The Home Office says it had to investigate leaks of "sensitive information" which prevented it from operating properly. Yet it seems the material was politically sensitive for ministers, rather than any threat to national security.
The Metropolitan Police has done the Government no favours. It is unprecedented for an MP to be arrested for doing his job, and raises profound issues about the role and powers of Parliament. Imagine the outcry if a 34-year-old rising star called Gordon Brown had been banged up for receiving those documents about spending cuts.
It wasn't the first headache Mr Brown had over leaks this week. He is said to be "furious" that two key elements of Monday's pre-Budget report (PBR) were leaked in advance, the temporary cut in VAT and the landmark increase in the top tax rate to 45p in the pound in 2011. Some ministers are convinced a Treasury mole exists, and that the shadow Chancellor, George Osborne, announced plans to cut inheritance tax last year because he knew the Chancellor, Alistair Darling, was about to do the same in his PBR. When he did, it looked like a desperate attempt to copy the Tories.
Like Mr Clarke in 1996, Mr Darling found his strategy for his big day derailed by leaks. Although Labour often trails announcements in advance, he and Mr Brown apparently wanted all the PBR details held back until Monday. Their two-pronged strategy was: convince the markets the Government would balance the books in the medium term to prevent a further run on the pound and to convince the public the pain would be shared fairly. That's why they opted for a top-rate tax rise, rather than an eventual rise in VAT to 20 per cent or a 1 per cent increase in national insurance contributions (instead of the .5 per cent announced).

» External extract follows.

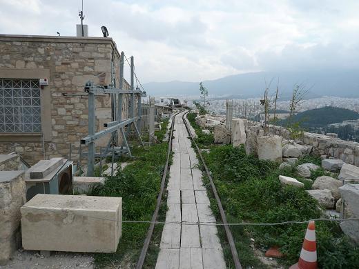 ちなみにパルテノン神殿に平行して自走式クレーンが設置してあり、このレールがこの間を繋いでいる。

They hoped the pre-Christmas VAT cut and the top-rate rise would both be popular, so the public would buy the package as a whole.
Mr Brown certainly didn't intend to provoke the obituaries for New Labour that followed the U-turn on tax. Although left-of-centre MPs have a spring in their step, they are being premature in dancing on New Labour's grave. Lord Mandelson discussed the 45p rate with Mr Brown and Mr Darling in advance and gave it his seal of approval. The Secretary of State for Business did not rejoin the cabinet to kill New Labour; he came back to save it from a catastrophic general election defeat after which the party would veer left.
Mr Brown and his ministers insist that a tax rate is not totem, and the basic tenets of New Labour are intact, including a commitment to market-based public service reforms; a close relationship with business and labour market reforms. But some Blairite MPs fear the top rate decision is a huge gamble. As one put it: "The danger is that the public don't see the PBR as a set of emergency measures but think high tax and spending is in Labour's DNA and that we've reverted to type."